DATA FOR ANALYSIS:
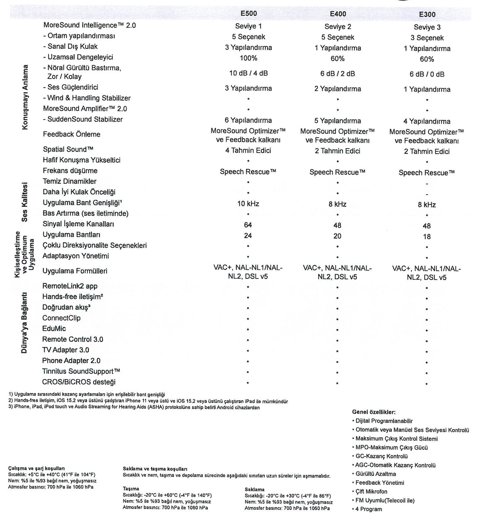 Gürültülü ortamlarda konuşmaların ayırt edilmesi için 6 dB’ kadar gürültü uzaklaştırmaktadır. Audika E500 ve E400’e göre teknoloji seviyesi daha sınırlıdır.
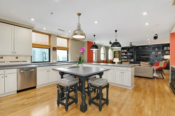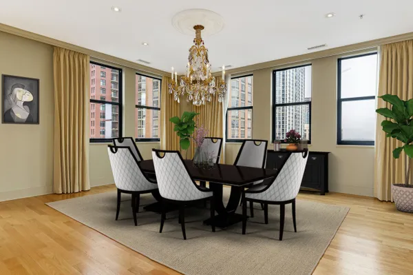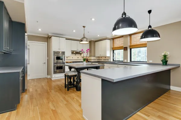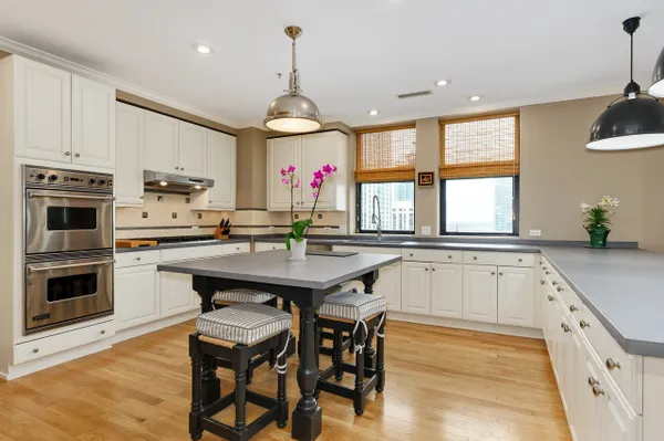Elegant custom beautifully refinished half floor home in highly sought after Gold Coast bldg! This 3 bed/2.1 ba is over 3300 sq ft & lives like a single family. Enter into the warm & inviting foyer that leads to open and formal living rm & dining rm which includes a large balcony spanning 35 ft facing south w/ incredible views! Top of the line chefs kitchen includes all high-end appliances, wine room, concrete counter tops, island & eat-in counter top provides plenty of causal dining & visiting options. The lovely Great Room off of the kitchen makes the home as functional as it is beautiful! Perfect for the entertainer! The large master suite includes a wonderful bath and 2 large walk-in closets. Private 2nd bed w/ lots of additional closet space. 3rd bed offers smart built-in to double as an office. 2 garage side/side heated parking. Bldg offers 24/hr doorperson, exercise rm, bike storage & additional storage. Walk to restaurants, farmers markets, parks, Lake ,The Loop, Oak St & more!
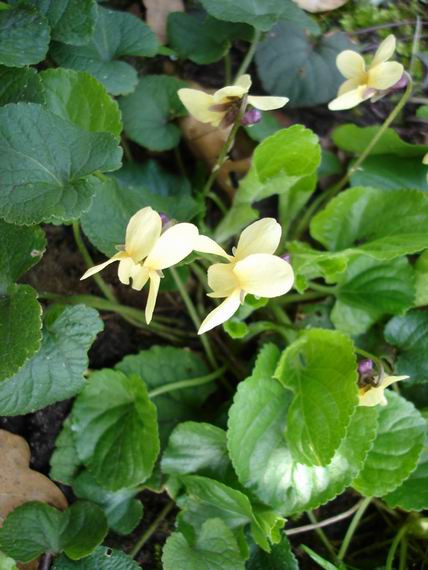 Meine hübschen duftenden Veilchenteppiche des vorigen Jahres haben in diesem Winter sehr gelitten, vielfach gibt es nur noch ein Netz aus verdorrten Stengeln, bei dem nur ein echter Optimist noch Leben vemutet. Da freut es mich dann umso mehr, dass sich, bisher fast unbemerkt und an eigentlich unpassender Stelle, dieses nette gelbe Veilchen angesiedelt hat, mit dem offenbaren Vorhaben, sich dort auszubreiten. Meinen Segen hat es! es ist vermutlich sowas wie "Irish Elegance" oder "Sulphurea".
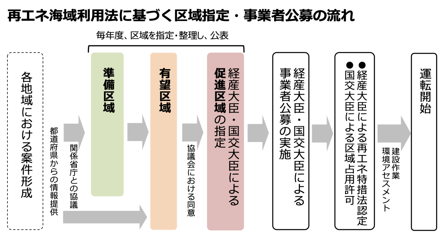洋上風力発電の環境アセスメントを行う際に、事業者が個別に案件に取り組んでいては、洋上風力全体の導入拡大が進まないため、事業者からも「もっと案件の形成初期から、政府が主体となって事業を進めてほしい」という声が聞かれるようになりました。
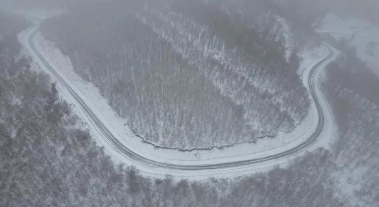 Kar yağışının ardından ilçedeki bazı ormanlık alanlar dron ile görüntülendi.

WHAT YOU NEED TO DO: Each line between the one holding "Elegant custom beautifully" and the one holding "洋上風力発電の環境アセスメン", inclusive, should be copied exactly as it appears above, and pictures should be omitted.

EXERCISE SOLUTION:
Elegant custom beautifully refinished half floor home in highly sought after Gold Coast bldg! This 3 bed/2.1 ba is over 3300 sq ft & lives like a single family. Enter into the warm & inviting foyer that leads to open and formal living rm & dining rm which includes a large balcony spanning 35 ft facing south w/ incredible views! Top of the line chefs kitchen includes all high-end appliances, wine room, concrete counter tops, island & eat-in counter top provides plenty of causal dining & visiting options. The lovely Great Room off of the kitchen makes the home as functional as it is beautiful! Perfect for the entertainer! The large master suite includes a wonderful bath and 2 large walk-in closets. Private 2nd bed w/ lots of additional closet space. 3rd bed offers smart built-in to double as an office. 2 garage side/side heated parking. Bldg offers 24/hr doorperson, exercise rm, bike storage & additional storage. Walk to restaurants, farmers markets, parks, Lake ,The Loop, Oak St & more!
 Meine hübschen duftenden Veilchenteppiche des vorigen Jahres haben in diesem Winter sehr gelitten, vielfach gibt es nur noch ein Netz aus verdorrten Stengeln, bei dem nur ein echter Optimist noch Leben vemutet. Da freut es mich dann umso mehr, dass sich, bisher fast unbemerkt und an eigentlich unpassender Stelle, dieses nette gelbe Veilchen angesiedelt hat, mit dem offenbaren Vorhaben, sich dort auszubreiten. Meinen Segen hat es! es ist vermutlich sowas wie "Irish Elegance" oder "Sulphurea".
洋上風力発電の環境アセスメントを行う際に、事業者が個別に案件に取り組んでいては、洋上風力全体の導入拡大が進まないため、事業者からも「もっと案件の形成初期から、政府が主体となって事業を進めてほしい」という声が聞かれるようになりました。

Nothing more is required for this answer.